Previous Topic Next Topic
 
classic Classic list List threaded Threaded
3 messages Options
Reply | Threaded
Open this post in threaded view
|

Re: Reply: Reply: Any best practice for hardware configuration forthemasterserver in standalone cluster mode?

XiaoboGu
0.8.1 of Spark is released now , do you mean we can share cached RDDs using this version now?


------------------ Original ------------------
From:  "Sriram Ramachandrasekaran"<[hidden email]>;
Date:  Jan 2, 2014
To:  "user"<[hidden email]>;
Subject:  Re: Reply: Reply: Any best practice for hardware configuration forthemasterserver in standalone cluster mode?

Yes the driver would run on the machine from which you launch your spark job. As for sharing cached RDDs, I don't think it's possible up until 0.8.1. The RDDs are not available across spark contexts, if my understanding is right.

If you still want to share RDDs, then you might have write a single service that maintains the cached RDD and the various other apps that want to access that RDD talk to that service. If I understand right, Shark handles SQL queries like this.


On Tue, Dec 31, 2013 at 7:46 PM, guxiaobo1982 <[hidden email]> wrote:
We have different developers sharing a Spark cluster, and we don't let developers touch the master server. Each of the developers will commit their application from their desktop, then does each driver run on their desktops?
Buy the way, can developers share cached RDDs.


------------------ Original ------------------
Sender: "Mayur Rustagi"<[hidden email]>;
Send time: Tuesday, Dec 31, 2013 10:11 PM
To: "user"<[hidden email]>;
Subject: Re: Reply: Any best practice for hardware configuration for themasterserver in standalone cluster mode?

Driver is the process that manages the execution across the cluster. So say your application is a "sql query" then the system spawns a shark-cli-driver that uses spark framework, hdfs etc to execute the query and deliver result. All this happens automatically so you dont need to worry about it as a user of spark/shark framework. Just go for a bigger machine with a master.

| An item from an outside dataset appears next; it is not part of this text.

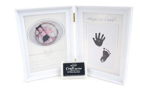 plastikowa podwójna ramka, rozmiar ramki 31,5 x 20,6 cm, szerokość listwy 2 cm, do postawienia, zawiera tusz do wykonania odcisku dłoni lub stopy dziecka

On Tue, Dec 31, 2013 at 7:01 PM, guxiaobo1982 <[hidden email]> wrote:
Thanks for your reply, I am new hand at Spark, does driver mean the server where user applications are commit?



------------------ Original ------------------
Sender: "Mayur Rustagi"<[hidden email]>;
Send time: Tuesday, Dec 31, 2013 9:55 PM
To: "user"<[hidden email]>;
Subject: Re: Any best practice for hardware configuration for the masterserver in standalone cluster mode?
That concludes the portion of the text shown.